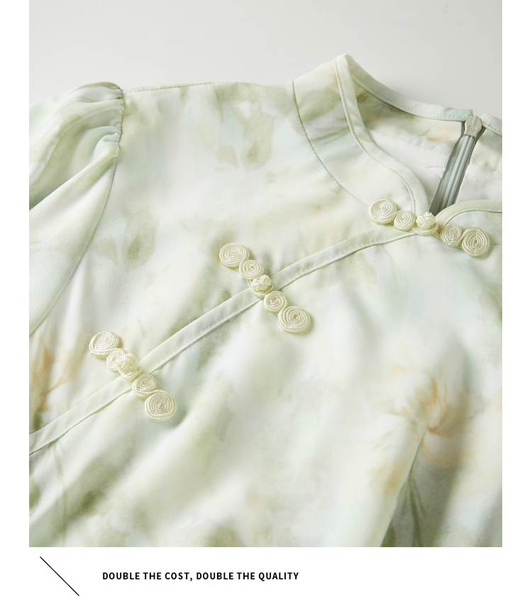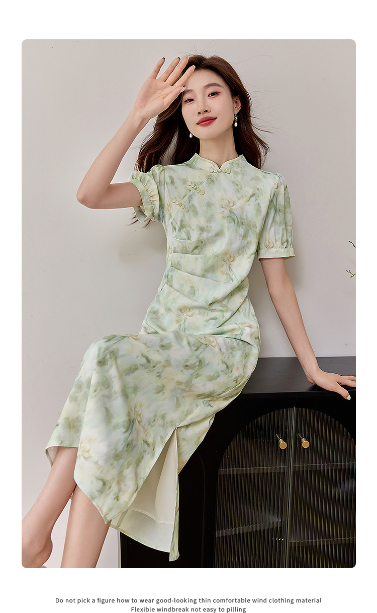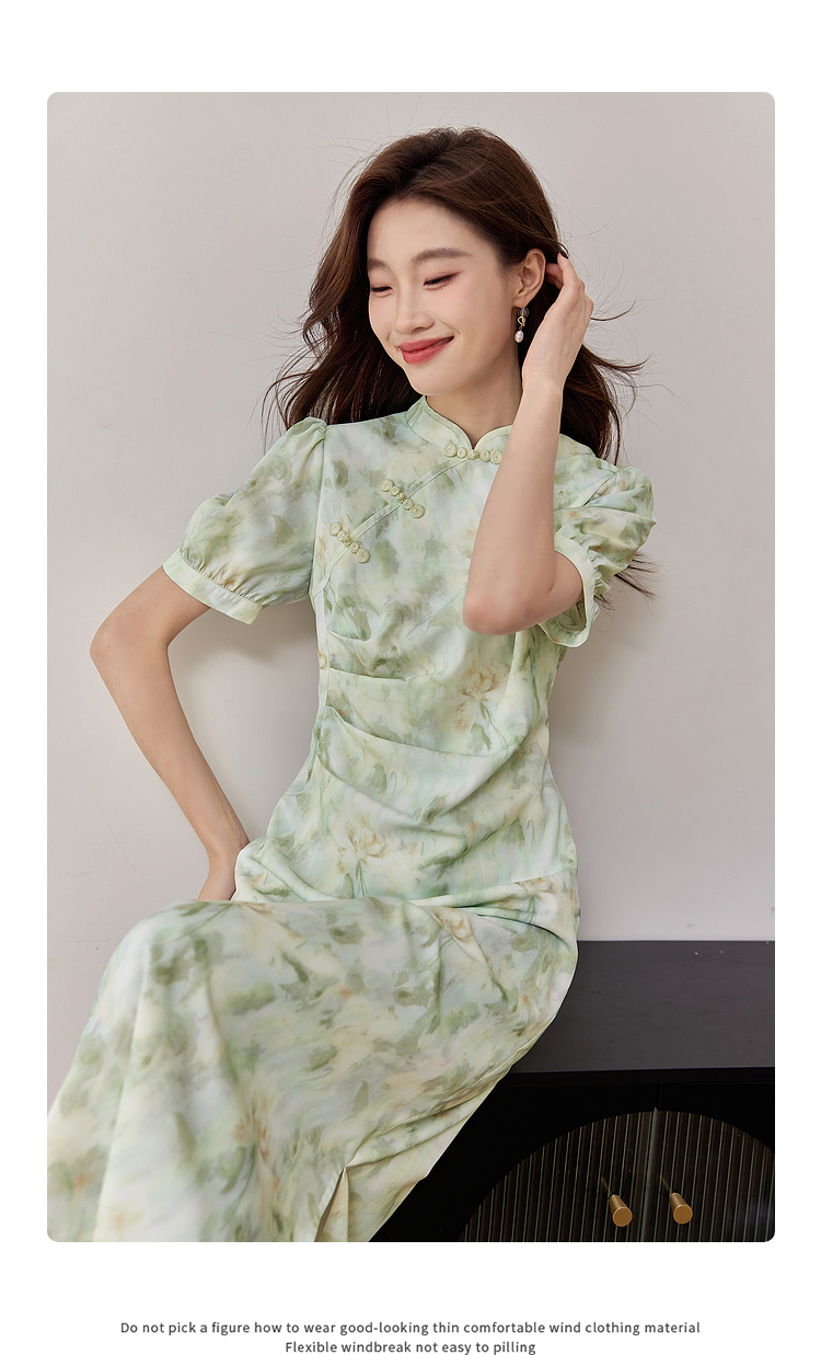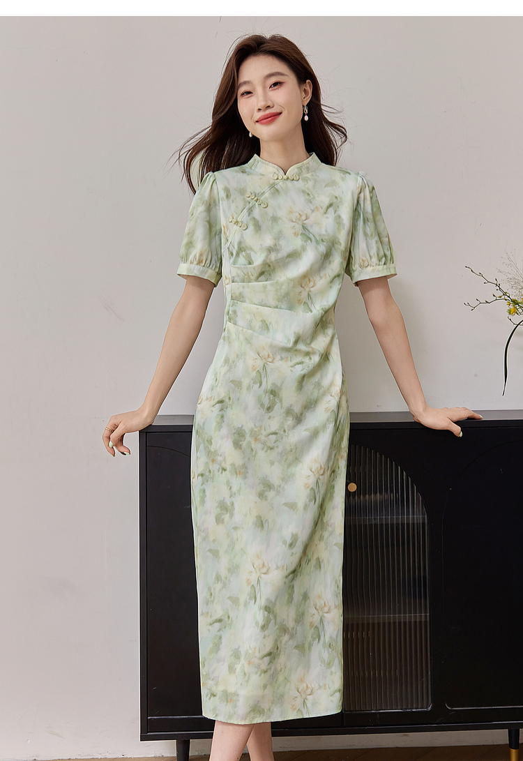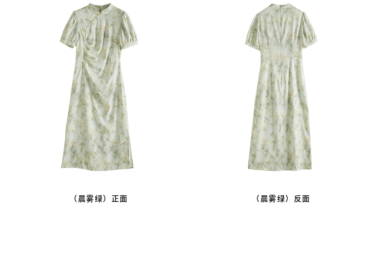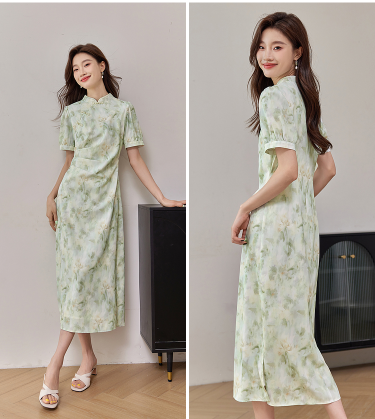 【专属特价】熙世界新中式改良旗袍裙夏季国风盘扣立领印花连衣裙开叉长裙子
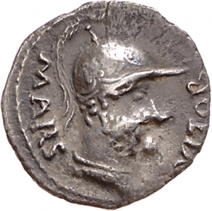 Vorderseite: MARS - VLTOR. Drapierte Büste des bärtigen Mars mit Helm nach r.
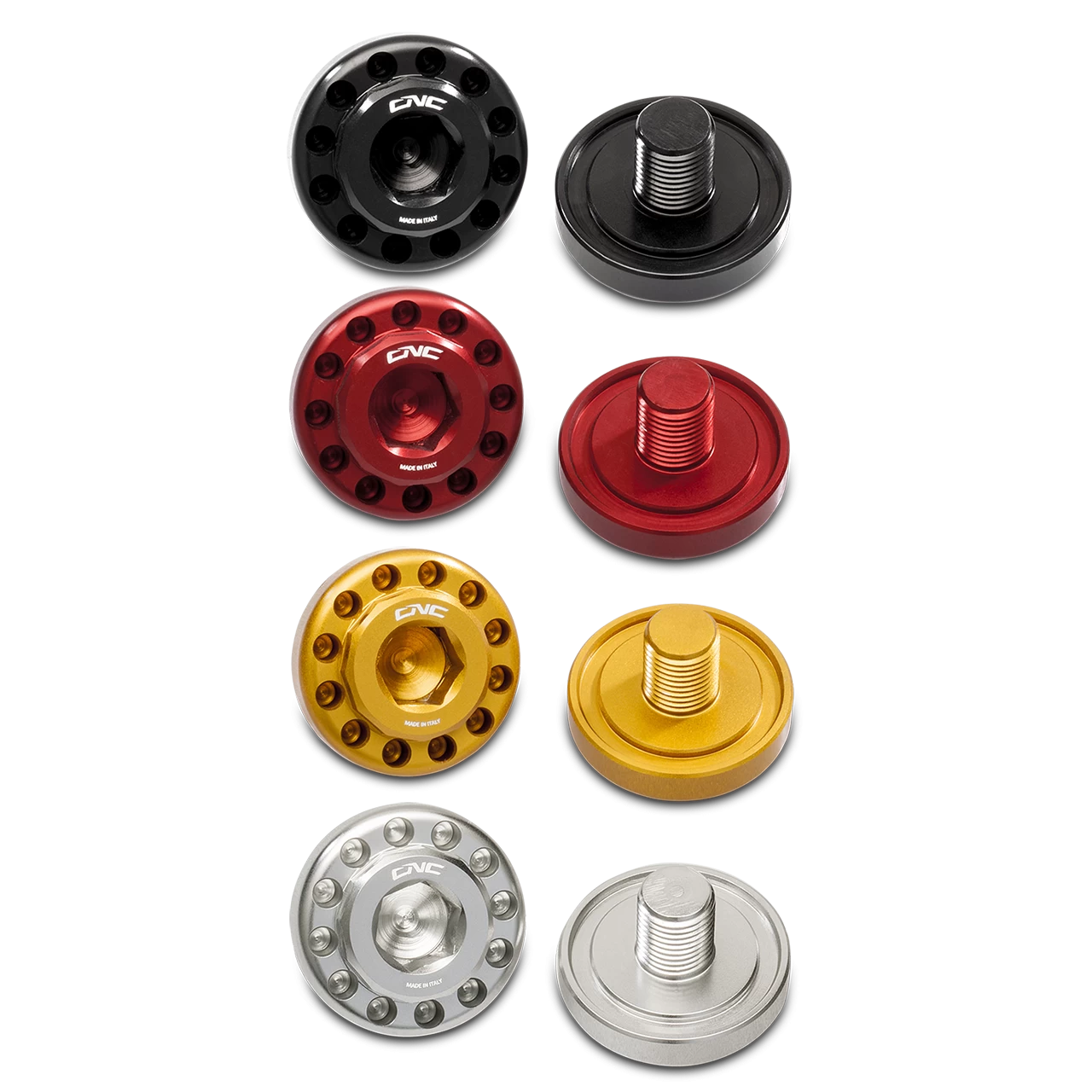 The CNC Racing Central bolt kit for OEM rearsets is machined from light alloy billet and then given a coloured anodized surface finish which delivers quality and lasting service life. The installation is straight forward, no modifications are required, and it simply replaces the OEM bolt. This kit is composed of 2 bolts.
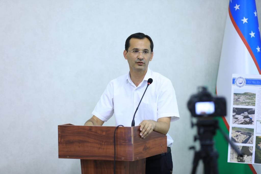 Директор Самаркандского института археологии Муминхон Саидов доложил о проводимых раскопках, целью которых является определение местоположения дворца Амира Темура Куксарой на одноименной площади в Самарканде, а также о результатах исследования памятников Куктепа и Афросиаб.
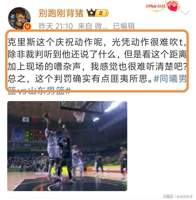 赛后,媒体人“别跑刚背猪”在社媒上评论道。“克里斯这个庆祝动作呢,光凭动作很难吹t,除非裁判听到他还说了什么,但是看这个距离加上现场的嘈杂声,我感觉也很难听清楚吧?总之,这个判罚确实有点匪夷所思。”。
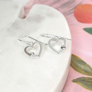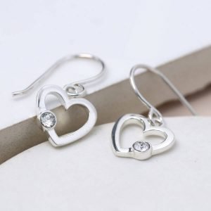 Beautiful drop earrings in sterling silver. Elegant cut out hearts with a cubic zirconia crystal detail.
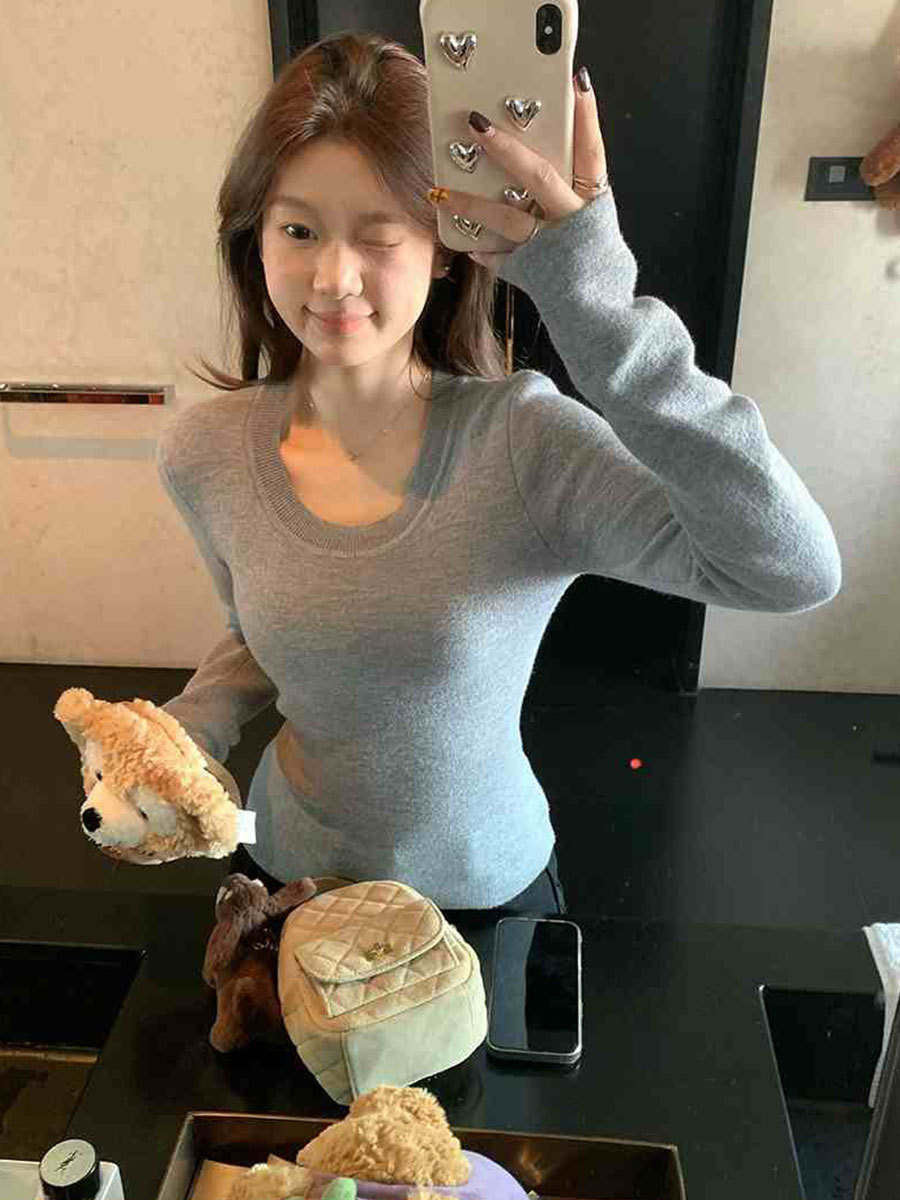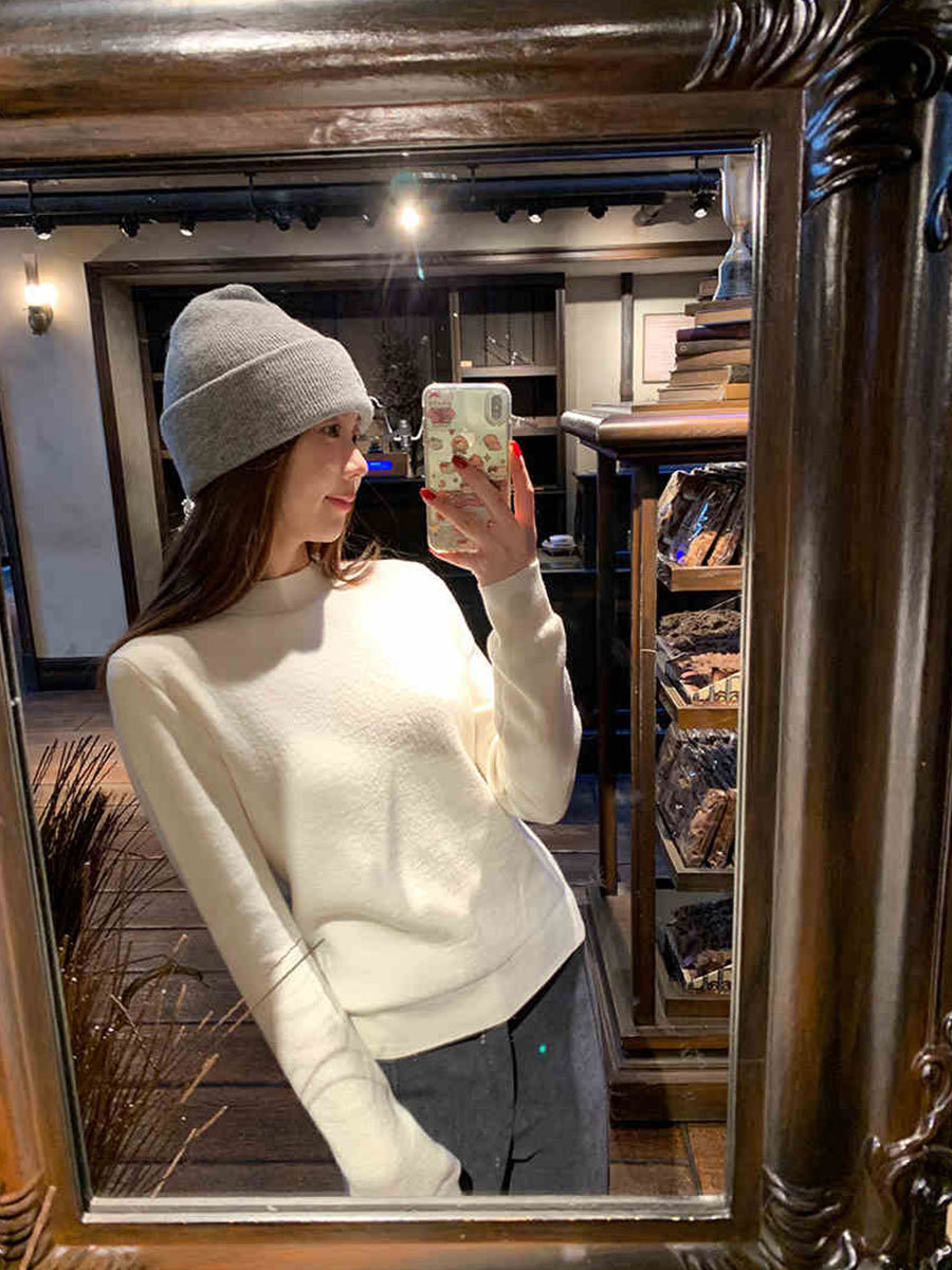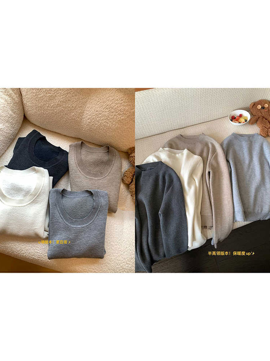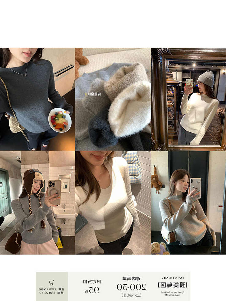 임 따뜻한 내부 뽕나무 실크 모조 울 밍크 벨벳 내부 니트 여성용 긴 소매베이스 셔츠스토어 가기

════════

**HOW TO COMPLETE THIS TASK**
I'd like the material repeated word for word, without the pictures it holds.

**EXERCISE SOLUTION**
 【专属特价】熙世界新中式改良旗袍裙夏季国风盘扣立领印花连衣裙开叉长裙子
 Vorderseite: MARS - VLTOR. Drapierte Büste des bärtigen Mars mit Helm nach r.
 The CNC Racing Central bolt kit for OEM rearsets is machined from light alloy billet and then given a coloured anodized surface finish which delivers quality and lasting service life. The installation is straight forward, no modifications are required, and it simply replaces the OEM bolt. This kit is composed of 2 bolts.
 Директор Самаркандского института археологии Муминхон Саидов доложил о проводимых раскопках, целью которых является определение местоположения дворца Амира Темура Куксарой на одноименной площади в Самарканде, а также о результатах исследования памятников Куктепа и Афросиаб.
 赛后,媒体人“别跑刚背猪”在社媒上评论道。“克里斯这个庆祝动作呢,光凭动作很难吹t,除非裁判听到他还说了什么,但是看这个距离加上现场的嘈杂声,我感觉也很难听清楚吧?总之,这个判罚确实有点匪夷所思。”。
 Beautiful drop earrings in sterling silver. Elegant cut out hearts with a cubic zirconia crystal detail.
 임 따뜻한 내부 뽕나무 실크 모조 울 밍크 벨벳 내부 니트 여성용 긴 소매베이스 셔츠스토어 가기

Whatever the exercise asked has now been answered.